The pea and bean family (Legumes) are vital in organic gardening. Their roots add necessary nitrogen to the soil. Organic gardening makes no use of fertilisers that are not natural. The nitrogen boost given by legumes will be used by the cabbage family (brassicas) when these are planted in this bed next year.

Green manure are plants that hold the soil together during the winter, stopping nutrients from draining away in the hard winter rains, and adding their own fertlity to the garden as well.
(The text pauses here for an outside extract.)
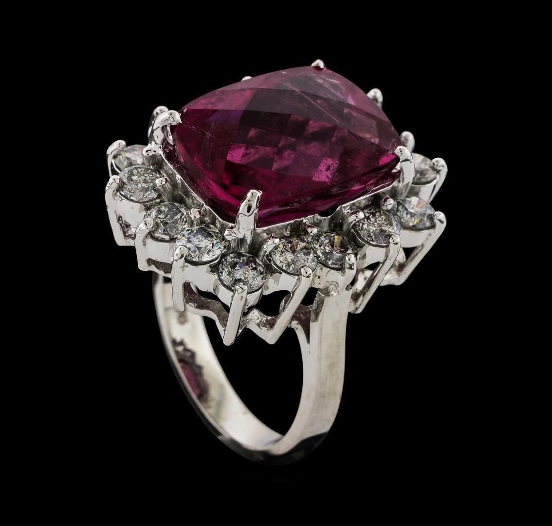 One 14KT White Gold "One of a Kind" Lady's Ring, 11.40 grams. Containing: Main Gemstones: Identity: Natural Tourmaline. Carat Weight: 11.12 cts tw. Shape & Measurement: Cushion Checker Cut. Quality: Fine color and cutting. Adjacent Gemstones: Identity: Natural Diamonds. Shape: Round Brilliant Cut. Carat Weight: 2.37 cts tw. Quality: SI Clarity, G-H Color. All fine cutting and proportions. Total Gemstones Weight: 13.49 cts tw. RBGS Appraised.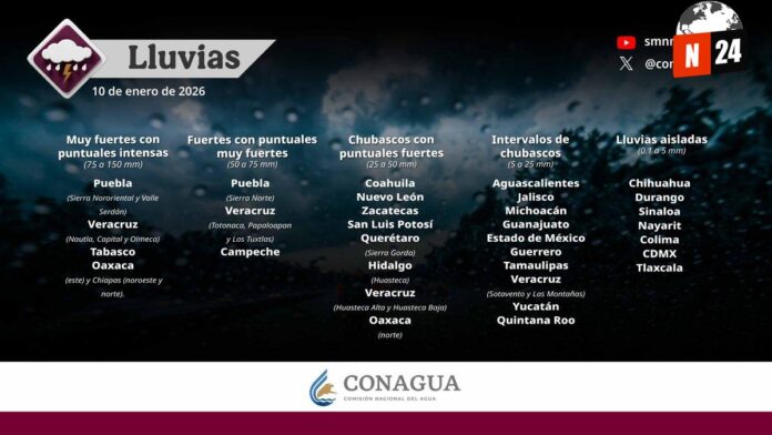 El fenómeno se extenderá con lluvias muy fuertes en la Sierra Norte de Puebla, la región Totonaca de Veracruz y Campeche. Mientras tanto, San Luis Potosí, Querétaro, Hidalgo y el norte de Oaxaca experimentarán lluvias fuertes.

On the legume bed of our four bed organic rotation, the green manure field beans (Punch) are looking robust and vigorous. Farmers would drive their cattle across their bean fields to break the plant stalks and so encourage bushy growth. I gave the field beans a trim with my shears to create the same effect. I hoed off two beds of field beans ready for sowing with peas. The tops of the field beans added welcome bulk to the compost bins.

In contrast with the field beans, our broad beans (Aguadulce) have had a poor start. The plants are small and weak and a pale green colour. I hoed around the bed and then applied pelleted chicken manure before giving several watering cans of water. I hope this picks them up - they are a long way behind.

We have brought on early peas (Feltham First) and Marrowfat peas (Marro) inthe greenhouse and planted these out under fleece cloche protection today. The protection they need is against frost - against the pest of pigeons.